The analysis revealed that the RES market share is projected to reach 61% by 2030, with solar photovoltaic (PV) and wind power collectively contributing 40%. By 2050, it is projected to increase to 88% of RES, with solar photovoltaic (PV) and wind energy collectively accounting for 68%. BESS integration is also forecasted to grow significantly, reaching 1200 GW by 2030, reflecting an increase of 1050 GW since 2024. This upward trajectory is expected to persist, reaching 3100 GW by 2050.
Rapidly changing market conditions, the high integration of RESs and BESSs into frequency control ancillary service (FCAS) operations without fully understanding the BESS limitations in the FCAS market present several challenges. The main challenges include degradation from cycling, thermal management challenges at high C-rates, and system-level risks arising from poor visibility of a BESS’s state of health (SoH) and uncertainties in its state of charge (SoC) and the effects of partial cycling. These factors can significantly impact the economic viability and reliability of BESS deployments, particularly in long-duration or high-frequency-response applications. The effects of mini-, micro- and partial cycles have not yet been thoroughly investigated, potentially disadvantaging BESS operators in capacity payment markets such as the Wholesale Electricity Market (WEM), where BESS operators receive compensation for variable cost elements.
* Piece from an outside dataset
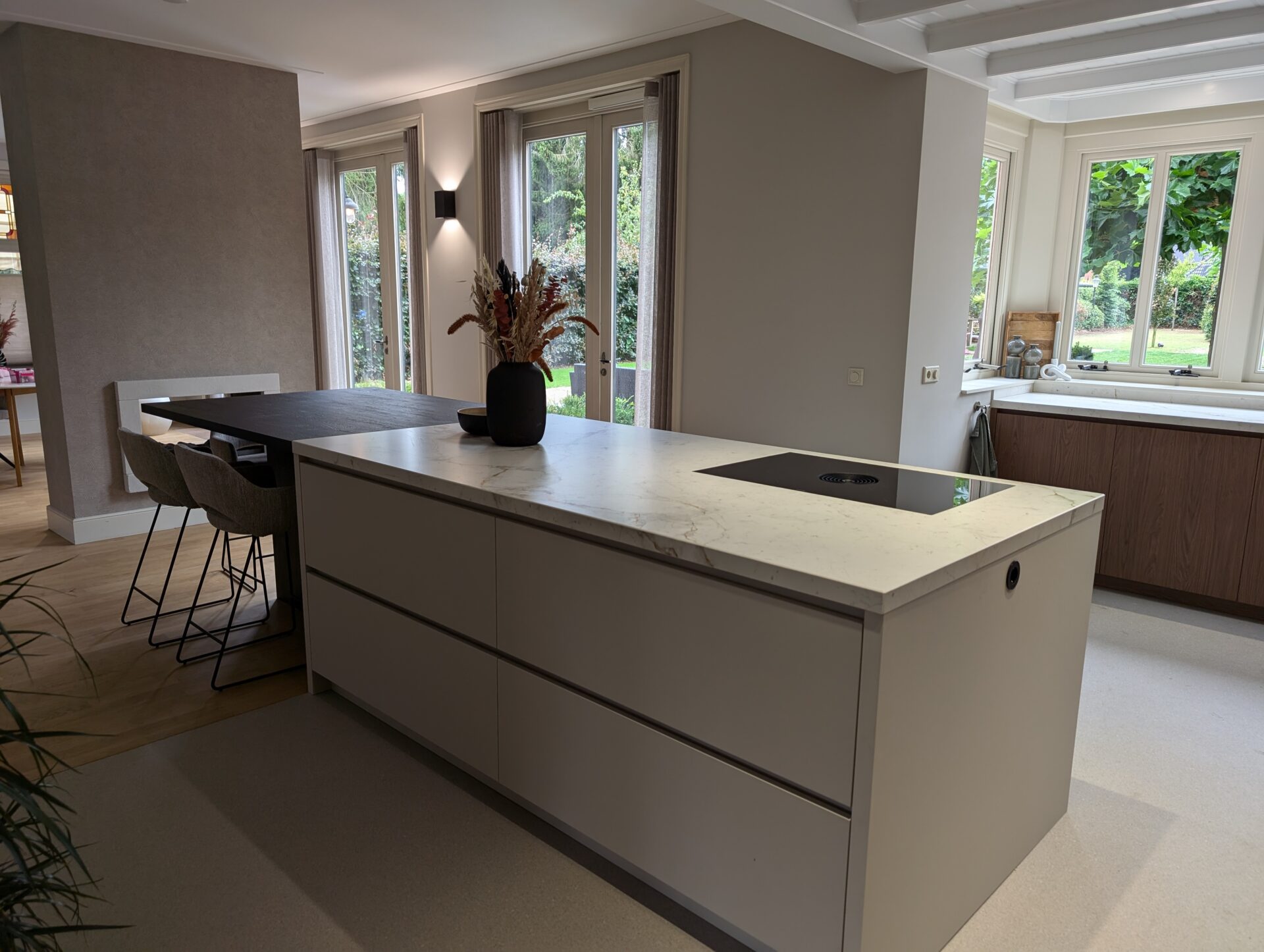 In samenwerking met interieurontwerpster Isa Brienen realiseerden we deze strakke maatwerkkeuken. Een krachtig samenspel van warme houttinten en minimalistische witte fronten, met oog voor detail en functionaliteit. Het resultaat is een keuken die naadloos aansluit bij de ruimte én de stijl van de bewoners.

Despite recent advancements, significant hurdles remain in optimising BESS performance and extending lifespan. Future research should focus on the development of advanced degradation models, adaptive control algorithms, and novel hybrid system configurations, such as battery energy storage systems (BESSs) integrated with tailored algorithms and a deeper understanding of cyclic aging mechanisms to address these gaps and unlock further performance improvements.
In conclusion, while BESSs have certain drawbacks, their role in frequency control markets is projected to increase. Ongoing research and regulatory advancements are crucial to overcome current barriers and fully exploit BESSs and low-emission energy systems.